The records:
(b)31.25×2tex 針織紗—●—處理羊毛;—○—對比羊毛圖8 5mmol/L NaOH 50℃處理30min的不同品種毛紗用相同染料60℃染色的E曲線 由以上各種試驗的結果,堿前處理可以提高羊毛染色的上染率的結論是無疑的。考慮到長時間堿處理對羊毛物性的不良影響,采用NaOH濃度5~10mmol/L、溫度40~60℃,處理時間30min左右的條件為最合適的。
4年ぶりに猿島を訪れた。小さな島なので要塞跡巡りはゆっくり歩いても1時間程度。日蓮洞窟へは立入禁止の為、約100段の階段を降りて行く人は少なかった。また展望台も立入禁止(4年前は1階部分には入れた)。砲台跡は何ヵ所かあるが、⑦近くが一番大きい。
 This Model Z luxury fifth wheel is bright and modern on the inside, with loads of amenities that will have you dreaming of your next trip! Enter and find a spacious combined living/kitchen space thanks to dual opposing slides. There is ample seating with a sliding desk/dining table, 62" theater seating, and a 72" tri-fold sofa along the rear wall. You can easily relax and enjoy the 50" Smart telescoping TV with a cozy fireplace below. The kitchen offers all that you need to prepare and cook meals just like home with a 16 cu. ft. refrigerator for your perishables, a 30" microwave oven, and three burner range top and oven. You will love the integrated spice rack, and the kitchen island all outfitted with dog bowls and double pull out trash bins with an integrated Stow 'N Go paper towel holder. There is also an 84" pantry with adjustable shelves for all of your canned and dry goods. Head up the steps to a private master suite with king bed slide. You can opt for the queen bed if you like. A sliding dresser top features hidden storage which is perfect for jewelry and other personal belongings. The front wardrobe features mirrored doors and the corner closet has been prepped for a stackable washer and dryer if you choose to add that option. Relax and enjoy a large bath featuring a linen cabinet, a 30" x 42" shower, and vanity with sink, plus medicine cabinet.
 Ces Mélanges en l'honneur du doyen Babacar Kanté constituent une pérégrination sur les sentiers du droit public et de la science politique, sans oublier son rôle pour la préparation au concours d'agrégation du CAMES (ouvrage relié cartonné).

* * *

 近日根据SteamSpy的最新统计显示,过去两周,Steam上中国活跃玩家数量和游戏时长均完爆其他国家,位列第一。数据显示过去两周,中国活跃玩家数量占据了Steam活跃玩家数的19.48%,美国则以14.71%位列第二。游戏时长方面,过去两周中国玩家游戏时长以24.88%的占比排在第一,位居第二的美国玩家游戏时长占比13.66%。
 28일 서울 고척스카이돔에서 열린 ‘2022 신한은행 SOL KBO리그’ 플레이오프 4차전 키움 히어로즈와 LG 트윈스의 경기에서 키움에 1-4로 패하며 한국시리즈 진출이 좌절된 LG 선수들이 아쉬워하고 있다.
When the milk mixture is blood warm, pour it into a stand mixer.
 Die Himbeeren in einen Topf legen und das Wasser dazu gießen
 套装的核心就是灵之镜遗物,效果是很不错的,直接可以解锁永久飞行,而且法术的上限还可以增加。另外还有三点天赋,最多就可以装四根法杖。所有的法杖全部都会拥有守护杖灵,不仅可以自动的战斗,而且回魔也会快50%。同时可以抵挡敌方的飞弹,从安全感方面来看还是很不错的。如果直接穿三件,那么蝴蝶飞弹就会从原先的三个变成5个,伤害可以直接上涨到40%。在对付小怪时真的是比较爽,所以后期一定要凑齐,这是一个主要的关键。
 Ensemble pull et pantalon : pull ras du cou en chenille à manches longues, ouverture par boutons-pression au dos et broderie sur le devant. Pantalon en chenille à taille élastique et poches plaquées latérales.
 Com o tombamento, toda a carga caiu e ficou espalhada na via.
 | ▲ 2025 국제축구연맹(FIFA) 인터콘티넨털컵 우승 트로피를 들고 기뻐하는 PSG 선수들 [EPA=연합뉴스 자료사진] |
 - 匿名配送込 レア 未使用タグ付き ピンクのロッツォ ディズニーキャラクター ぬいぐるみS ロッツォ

Work to complete:
Take each line from the preceding material that contains "pour" and copy it.

Solution:
 Ces Mélanges en l'honneur du doyen Babacar Kanté constituent une pérégrination sur les sentiers du droit public et de la science politique, sans oublier son rôle pour la préparation au concours d'agrégation du CAMES (ouvrage relié cartonné).
When the milk mixture is blood warm, pour it into a stand mixer.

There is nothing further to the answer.